Task objective
What you return should be only the lines in the entries below between the one holding "एमपी मौसम विभाग" and the one holding "敷地は閑静な住宅街に位置する", ends included, with every picture left out.

Provided data
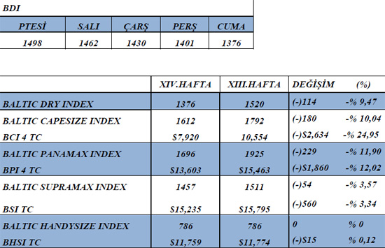 Özellikle büyük gemilerin kazançlarındaki kayıp nedeniyle piyasada diğer bir düşüş haftası daha yaşandı. Hafta boyunca % 10 civarında gerileyen BDI 1400 puanın altına düştü. Düşüşe sebep olan büyük tonajlı gemilerden capesize endeksi % 10, panamax endeksi ise % 12 civarında geriledi. Geçen hafta başında Çin’deki tatil nedeniyle, bu hafta için Çin alımlarının tekrar başlayacağı ümidiyle iyimser beklentiler mevcut. Diğer yandan kısa ve orta vadede bütün gözler Japonya’nın yeniden inşasının başlamasında.
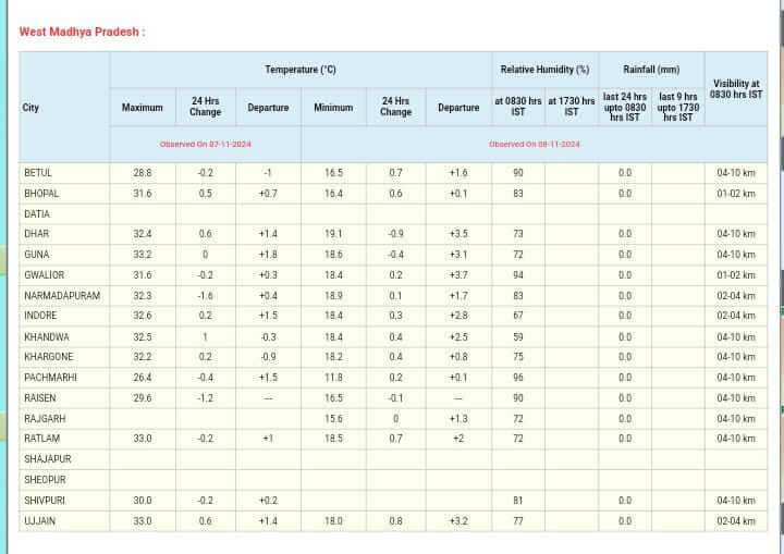 एमपी मौसम विभाग की मानें तो वर्तमान में प्रदेश में कोई बड़ा मौसम सिस्टम प्रभावी नहीं है, हालांकि हवाओं का रुख उत्तरी होने के कारण तापमान में गिरावट आने लगी है।अगले 24 घंटों के दौरान प्रदेश में मौसम शुष्क रहने के आसार है। तापमान में और गिरावट की संभावना है, और प्रदेश के अन्य हिस्सों में भी रात का तापमान और नीचे गिर सकता है।
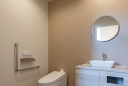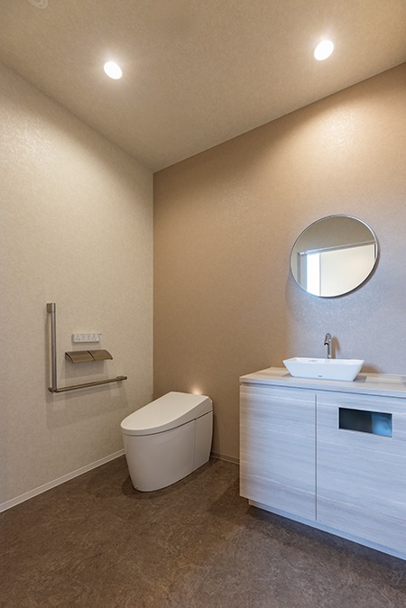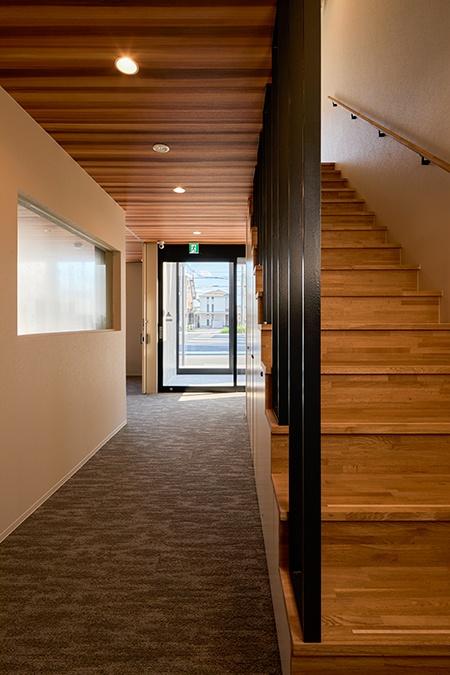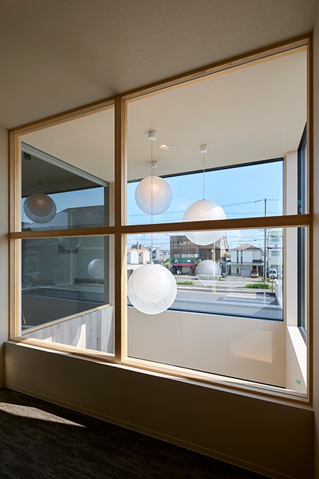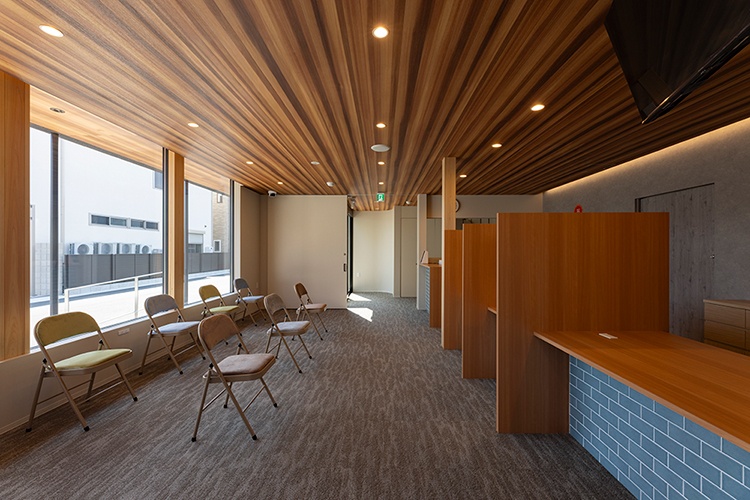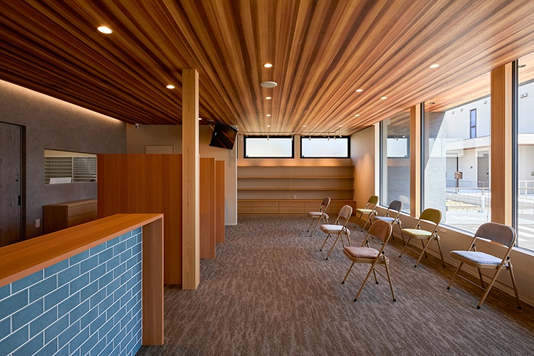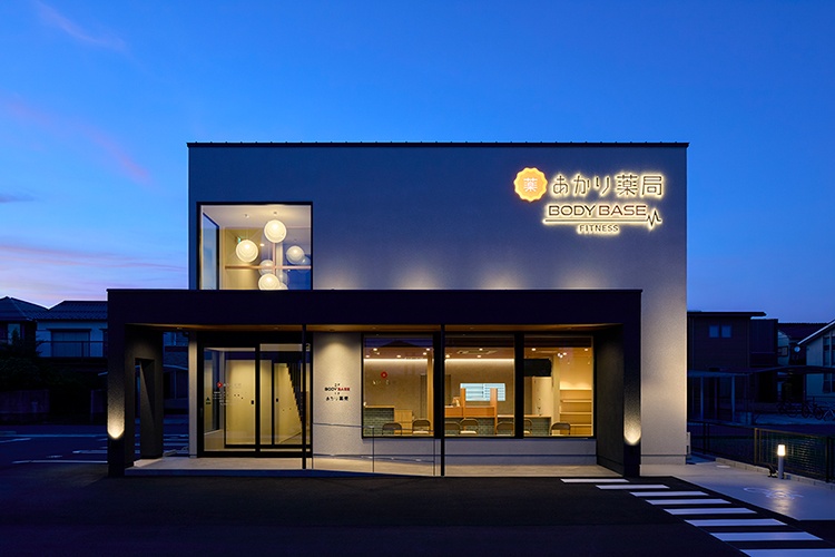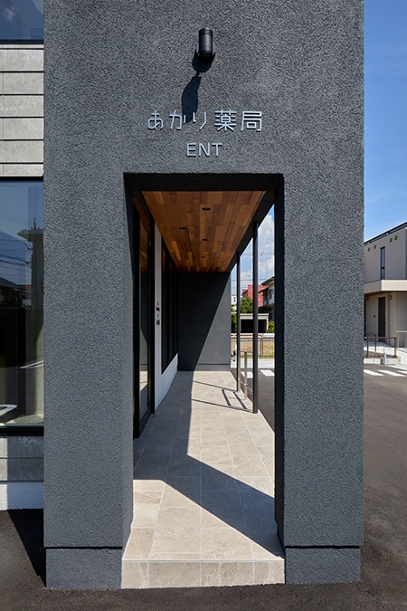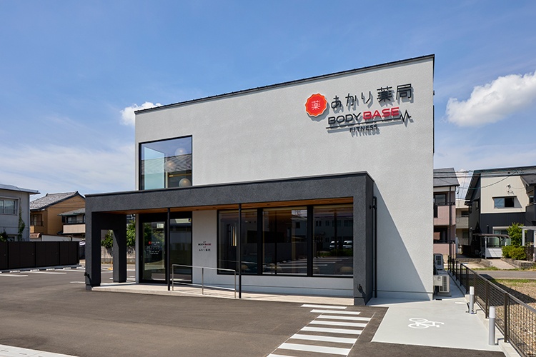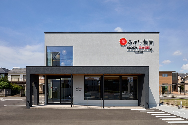 敷地は閑静な住宅街に位置する。薬局と合わせて健康維持のフィットネス空間を合わせた建築を求められた。外観は地域の街並みに対して違和感を与えないシンプルな外観で納めた。内部の空間については訪れた人々が安らぎを感じてもらえるよう、落ち着いた温かみのある佇まいとしている。地域の暮らしに根ざし、健やかな日々を支える建築として、長く愛され続ける存在となることを願います。
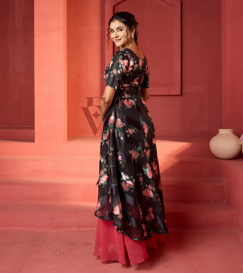 A flowy deep onion pink georgette plaza paired with a black printed georgette satin long coat
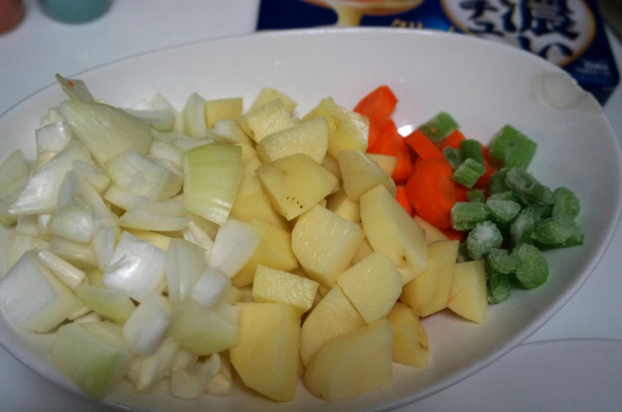 오늘 도전한 요리는 '비프 크림스튜'이다. 맥스 밸류에서 산 고형 크림스튜 소스를 사용하기로 했다. 실제로 사용해보니 '루(roux, 버터와 밀가루, 우유로 만드는 화이트소스)'와 약간의 염분, 다시다 맛이 짬뽕된 느낌의 재료였다. 요런 인스턴트 재료가 없다고 해도 충분히 버터, 밀가루, 우유만 있으면 크림스튜를 만들 수 있을 것 같다.
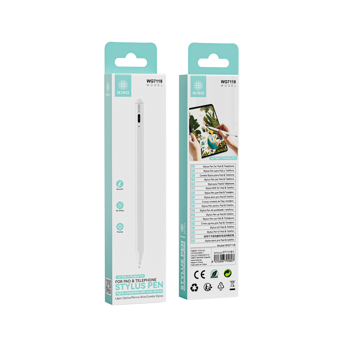 IKREA WG7118 LÁPIZ ÓPTICO PARA TABLET Y MÓVIL ALTA COMPATIBILIDAD INTERFAZ TYPE-C BLANCO

Result
 एमपी मौसम विभाग की मानें तो वर्तमान में प्रदेश में कोई बड़ा मौसम सिस्टम प्रभावी नहीं है, हालांकि हवाओं का रुख उत्तरी होने के कारण तापमान में गिरावट आने लगी है।अगले 24 घंटों के दौरान प्रदेश में मौसम शुष्क रहने के आसार है। तापमान में और गिरावट की संभावना है, और प्रदेश के अन्य हिस्सों में भी रात का तापमान और नीचे गिर सकता है।
 敷地は閑静な住宅街に位置する。薬局と合わせて健康維持のフィットネス空間を合わせた建築を求められた。外観は地域の街並みに対して違和感を与えないシンプルな外観で納めた。内部の空間については訪れた人々が安らぎを感じてもらえるよう、落ち着いた温かみのある佇まいとしている。地域の暮らしに根ざし、健やかな日々を支える建築として、長く愛され続ける存在となることを願います。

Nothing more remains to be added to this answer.